Precisamente la sorprendimos cuando estaba supervisando los trabajos de reforma de su vivienda, que tendrán que respetar la estructura y la fachada y tocar lo menos posible la parte interior, algo, esto último, que no siempre se ha tenido en cuenta.

En este sentido, los vecinos aseguran que el Ayuntamiento ha sido generoso en las licencias, pues les ha permitido hacer un tercer cuerpo de vivienda sacrificando el enorme corral del que disfrutaba cada casa. Esteban lo ha hecho y asegura estar contento con el resultado. De esta manera, la situación del barrio ha mejorado mucho en los últimos años y ha acabado convirtiéndose en un lugar más que digno para vivir.

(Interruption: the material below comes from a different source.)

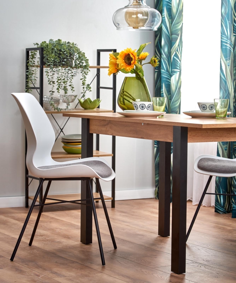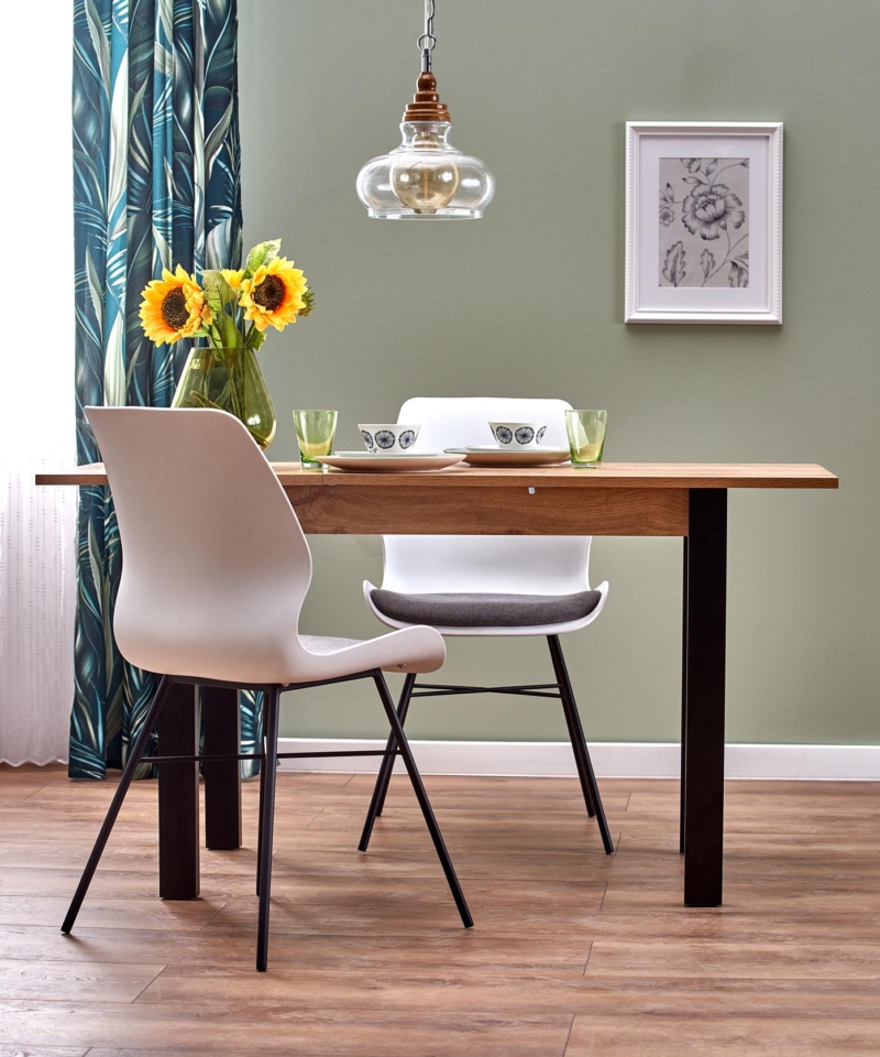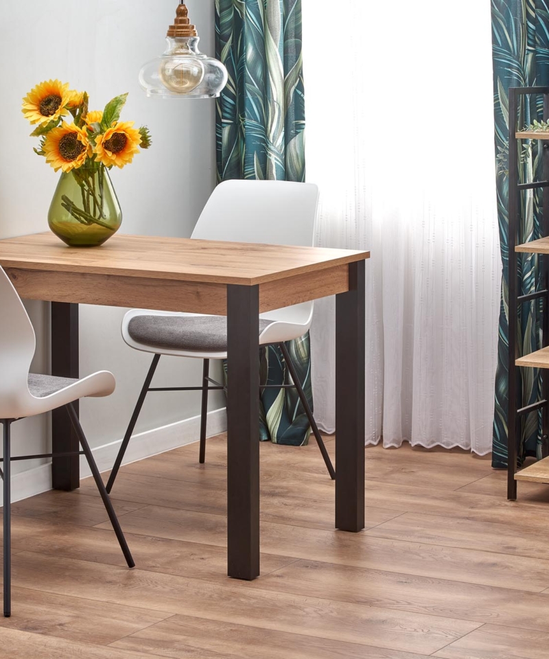 dimensions: 100-135/60/75 cm, extension table, material: laminated chipboard, color: top – votan oak, legs – black

A él, además, le gusta comparar pasado y presente y mantener viva la historia de las calles, volver a los orígenes del lugar donde crece su familia. Una de sus joyas es la pequeña publicación realizada en el año 1953 para conmemorar las bodas de plata de estas casas, los primeros 25 años de su historia. Él sería uno de los prohombres que, sombrero en mano, aparecían en aquellas fotos posando con sus hijos bajo las fotos del santo. Serían, eso si, fotos en color, mucho color, el color que ahora tiene Don Bosco.